This repository uses multiple layers of security to protect sensitive data.

Sensitive configuration (API keys, tokens, credentials) is encrypted using Ansible Vault.

Setup:

1. Create a vault password file (git-ignored):

   ./dotfiles secret init

2. Set secrets using the CLI:

   ./dotfiles secret set mcp_secrets.myservice.api_key

3. Secrets are stored encrypted in profiles/{profile}/secrets/{profile}.yml

Important: The .vault_password file is git-ignored and must NEVER be committed to the repository.

For personal information (name, email, SSH keys), the system uses 1Password CLI (op read) to resolve secrets dynamically at runtime rather than storing them in configuration files.

Example from gitconfig:

[user]
name = {{ lookup('pipe', 'op read "op://Personal/GitHub/name"') }}
email = {{ lookup('pipe', 'op read "op://Personal/GitHub/email"') }}

This ensures sensitive personal data is never stored in the repository, even encrypted.

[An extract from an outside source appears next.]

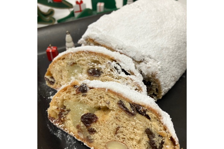 グラスフェッドバターと、2種類のリキュールに漬け込んだフルーツ(レーズン、オレンジピール、チェリー、ドライアップル、ドライパイン)を使用し、風味豊かでリッチなシュトレンに仕上げました。

Personal and work-specific configuration should be stored in private profiles under profiles/private/:

# Create a private profile
./dotfiles profile bootstrap mycompany

# This creates profiles/private/mycompany/ which is git-ignored

Private profiles can be managed as separate git repositories, allowing you to:

• Keep work configs in a private company repo
• Share the main dotfiles publicly while keeping personal data private
• Separate concerns between different environments

The profiles/private/ directory is git-ignored by default and will never be committed to the public repository.

Never commit these to the repository:

• .vault_password files (vault encryption passwords)
• Unencrypted API keys, tokens, or credentials
• SSH private keys (only public keys, if necessary)
• Personal email addresses or names (use op read instead)
• Internal hostnames or IP addresses
• Company-specific configuration (use private profiles)
• 1Password vault item IDs (use in private profiles only)

Safe to commit:

• Encrypted secrets.yml files (vault-encrypted)
• Public SSH keys referenced via op read
• Generic configuration templates
• Public package lists (brew formulae, casks)

The repository includes TruffleHog in pre-commit hooks to detect accidentally committed secrets:

# Run security scan manually
mise x -- uv run pre-commit run trufflehog --all-files

This will catch common patterns like:

• API keys and tokens
• AWS credentials
• Private keys
• Passwords in plaintext

If you discover a security vulnerability in this repository, please report it responsibly:

Preferred: Use GitHub Security Advisories for private disclosure

Alternative: Open a public issue at https://github.com/igrybkov/dotfiles/issues (for non-sensitive security improvements)

Please include:

• Description of the vulnerability
• Steps to reproduce
• Potential impact
• Suggested fix (if available)

We'll respond to security reports as quickly as possible and coordinate disclosure timing with you.

When contributing or forking this repository:

1. Review before committing: Use git diff --staged to verify no secrets are included
2. Use vault encryption: Store all secrets in encrypted secrets.yml files
3. Leverage private profiles: Keep work/personal config in profiles/private/
4. Use 1Password CLI: Reference dynamic secrets with op read instead of hardcoding
5. Enable pre-commit hooks: Run mise x -- uv run pre-commit install to catch issues early
6. Audit your fork: Run secret scanning tools on your fork before making it public

Backup your vault passwords securely:

• Store vault passwords in 1Password, not in plaintext files
• Use different vault passwords for different profiles
• Document which vault password protects which profile's secrets

Rotating vault passwords:

# Change vault password for a specific profile
./dotfiles secret rekey common

# Change vault password for all profiles
./dotfiles secret rekey --all

This re-encrypts all secrets with a new password while preserving the data.